THE MURDER of a senior jurist in Madrid on Wednesday has plunged the entire Spanish political establishment into shock and outrage. Francisco Tomas y Valiente, former president of the Spanish Constitutional Court, was shot dead in his college office.
According to witnesses and the police, the killer was a prominent member of the Basque separatist group ETA, operating unmasked although his face is well known from `wanted' posters recently distributed in the city.
The killing came just as the political parties were preparing to launch their official campaigns for crucial general elections, due to take place on March 3rd. It is the second such blow in recent days last week, the brother of a leading member of the ruling Socialist Party (PSOE) was shot in the Basque city of San Sebastian.
The long ruling PSOE president, Mr Felipe Gonzalez, was a personal friend of both men, and attended both funerals. So did the leader of the right wing opposition Partido Popular (PP), who according to opinion polls, is likely to oust him as president in March which would be the first democratic transfer of power from left to right in Spain since the 1930s.
Tomas y Valiente, while personally close to the Socialist leadership, had been noted for his independence in taking highly sensitive decisions regarding the constitutionality of their legislation.

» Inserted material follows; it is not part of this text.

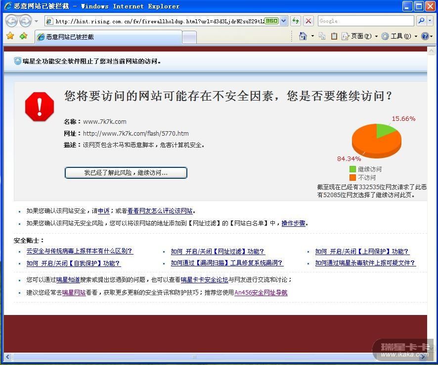http://www.7k7k.com/玩游戏了,今天想上去玩一会,谁知被瑞星全功能拦截报为恶意网址,记的我一个多月前访问时是正常的。谁知现在成了恶意网址了。是不是我的瑞星误报了,请楼下朋友也来测试下吧。我的瑞星是最新版。主程序版本:22.00.03.53
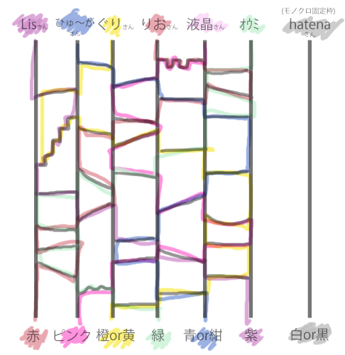 絵描きさんの各テーマカラーをあみだで決定しました!

Ironically, the new ETA campaign may boost Mr Gonzalez's slim chances of re election. His administration is beleaguered by serious scandals, the worst of which concerns the setting up of illegal death squads (Grupos Antiterroristas de Liberaction or GAL) to combat ETA in the 1980s.
The wave of repugnance for ETA expressed across Spain yesterday in widespread demonstrations, may actually result in sympathy and badly needed votes for those who, albeit outside the law, took a hard line against the Basque radicals in the past.